UK manufacturers expect output to fall more slowly
A CBI survey reports that UK manufacturing firms expect the pace of decline in output to slow markedly in the next quarter, suggesting they believe the toughest phase of the recession may be behind them.
In the CBI's monthly Industrial Trends survey for May, 17 per cent of the 575 firms surveyed even said they expect the volume of output to increase over the next three months, against 34 per cent who anticipate a fall.
The resulting balance of -17 per cent is a marked improvement on the previous month's -32 per cent, and takes the measure back to where it was before the collapse of Lehman Brothers last September, at -16 per cent, the CBI said.
"After scaling back production very sharply at the beginning of the year, manufacturers can see a glimmer at the end of the tunnel," claimed Ian McCafferty, the CBI's chief economic adviser. "They still expect manufacturing activity to fall, but at a much slower rate over the next few months.
"However, this was another tough month for firms, with orders at home and abroad still at very weak levels.
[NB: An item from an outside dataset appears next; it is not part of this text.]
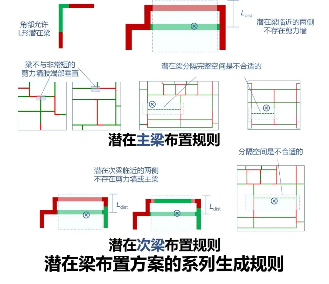 然而,直接基于剪力墙的布置去预测梁在剪力墙上的布置形式,会面临几乎无限的梁布置的可能性空间,这无疑极大增加了图的复杂度,增加了预测的难度。因此,本研究提出了考虑结构和建筑构件的空间布置以及工程师经验的潜在梁布置场景生成方法,以有效减少梁布置场景的可能性空间。测试案例表明,本研究所提出方法布置的梁和工程师设计相比具有高相似性。

With stock levels high relative to expected demand, manufacturers are likely to remain focused on running down their stocks further."
Demand for UK-made goods remains weak with only 10 per cent of firms reporting above-normal total order books in May, while 66 per cent said they were below normal. Export order books remain below par this month too, despite the relative weakness of Sterling.
Despite firms aggressively running down their stocks, levels remain high with a balance of 30 per cent reporting stocks more than adequate to meet demand, which was not far off March's 28-year high of 31 per cent.